12王国会議Ⅰ
今日俺は学園を休むことになった。王国会議への出席が父からも正式に要請をされたからである。シュバリエ家、アウシュ家、サディス家御三家と、宮廷魔術師団長に騎士団団長まで来るという。しかも厄介なのは、この会議は国中で中継されるということだ。勿論学園でも中継される。もう学園へ行きたくないという気持ちが高まった。
※王国会議とは、一年で一番大事な会議であって祭りと一緒に五日間開催される。
「マルクシュバリエ様、シェリーヴァンディ様、テティサディス様ようこそ。王城へ」
俺と同時に他の二家が到着した。てか俺以外皆女性なんですけどー?もう立場ないじゃん。マルス王直属のメイド達ということで、作法の所作も全てが美しいといえた。しかし、この会議には何故跡取り達も参加するのが義務なのかは今もわからない。
「はぁー・・・・・・・・・・・・・俺は不幸だな。この国で一番の不幸な人間になってしまうとは、もうやってやれない」
「マルク殿、それはあまりにも悲観しすぎです。私たちは国を動かす貴族の跡取り、このようなところでその態度ではこの先やっていけませんよ?」
「シェリーさんマルクは馬鹿だから相手にしない方がいいわよ?」
この二人実に対称的な態度だと思った。シェリーアウシュはもう実戦の舞台で活躍していて、次期騎士団としても、評価は高いし、テティはこのまま魔術師団長。多分俺だけ、劣等感のあるまま、魔法師として生きていくのだと思うと更にこの場が嫌になった。

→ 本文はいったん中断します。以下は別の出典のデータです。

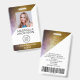 This modern name badge design can be customised with your business name, logo and contact details as well as an employee photo and barcode.
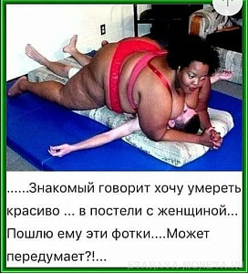 Жена приходит с сумкой, проходит в зал: — Дорогой, это вот тебе. Выкладывает из сумки пиво, воблу, раков. — А чего ты, милый, футбол не смотришь? Тебе приготовить какую-нибудь вкусняшку? Муж: — Сильно? Жена: — Не очень, милый: фара, бампер и капот.
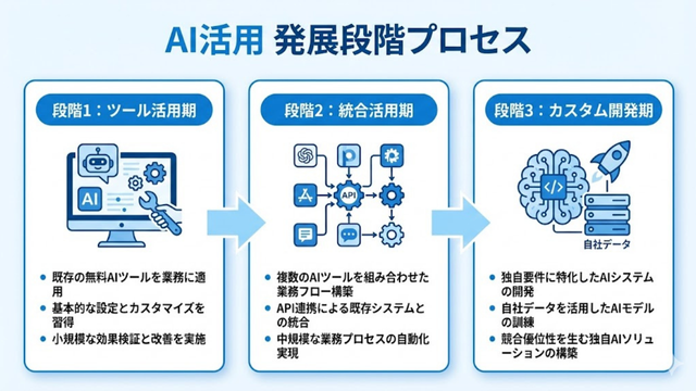 無料AIエージェントでの基礎的な経験を積んだ後、より高度なカスタム開発へと発展させる道筋を解説します。
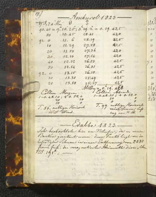 Ms. Ff. E. Rüppell I - Original Manuscript der auf meinen Reisen in Africa in den Jahren 1822 - 1827 gemachten astronomischen Beobachtungen. Sie sind sämmtlich theils in Zach's astronomischer Correspondenz, theils in dem Anhang zu meinen Reisen in Nubien pp. abgedruckt

「マルク様、テティ様、シェリー様会場の準備が出来ましたので、こちらへどうぞ」
あ、やべえ俺作法全く知らない。前世でも気を遣う相手はいたとしても正式な挨拶なんてしなかった。王様と他の貴族たち前に父親の顔に泥を塗ることはできない。もう死にたいと思ってしまった。

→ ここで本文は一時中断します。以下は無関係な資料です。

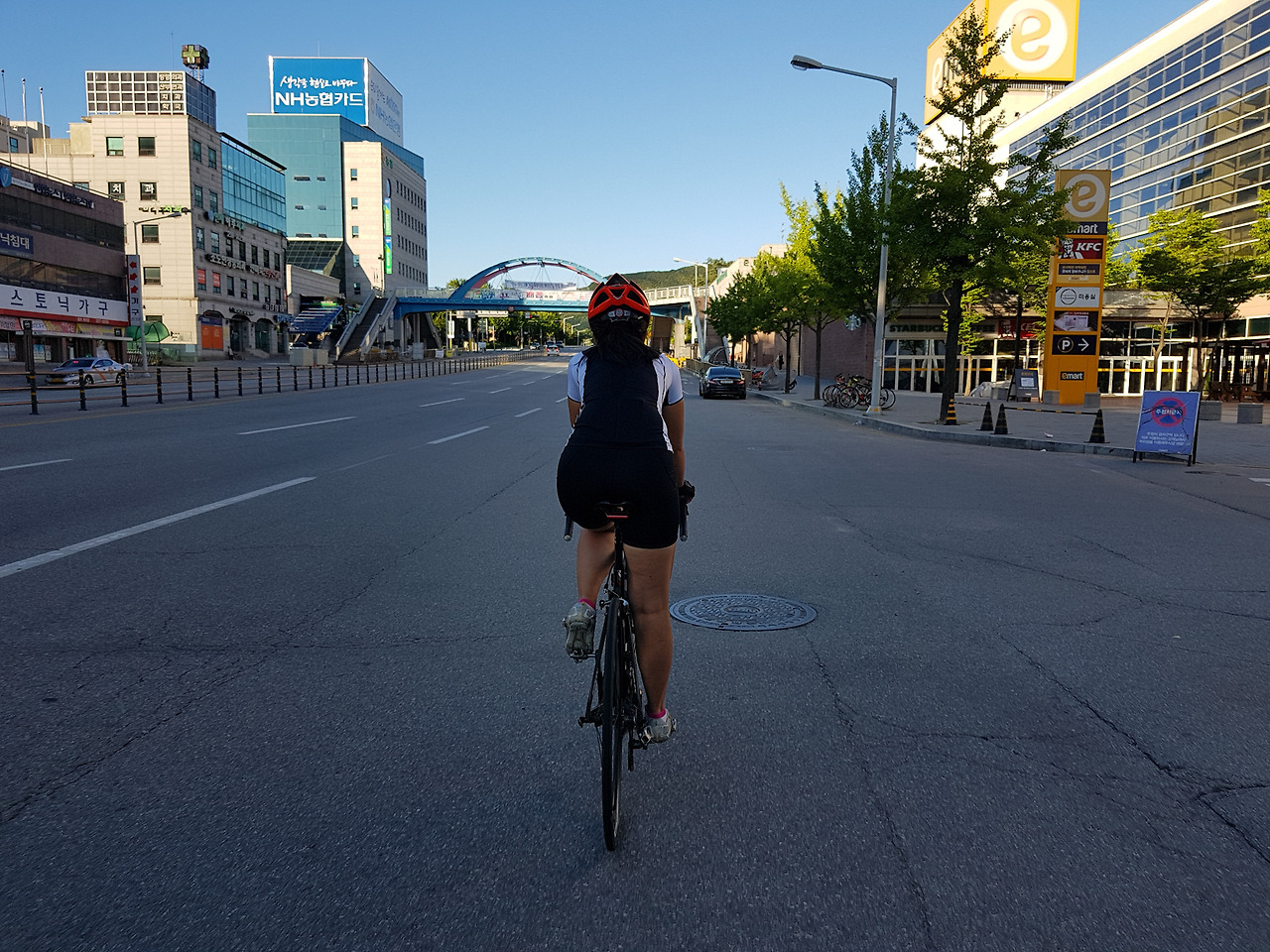 적당히 달릴만한 노면을 골라서 천천히 달린다. 이럴 줄 알았으면 MTB를 끌고 왔지....

「よく来てくれた。お前たち三人よマルクには昨今の件で大変世話になったな」
「マルス王様にお褒めの言葉をいただきとても光栄でございます」
よし、これでいい完璧だ。もうこれ以上ないかえしじゃないかと思った。おもわず大声で『よし』と叫んでしまった。これには、周りの人たちが大笑いしていた。赤面したまま下をずっと見ていた。
『これより、王国会議を始めるとする。最初に皆に謝らねばならぬことがある。私の息子であったティナマルスが自分の欲に埋もれてしまい、シュバリエ家の騎士団の兵隊を次々に殺していくという不祥事を起こしてしまった。この件では、シュバリエ家、サディス家、アウシュ家には多大な迷惑をかけたことをここで詫びておきたい。すまなかった』
この王様頑固なくせに謝ることできるのか俺は心に中で印象が変わったと思った。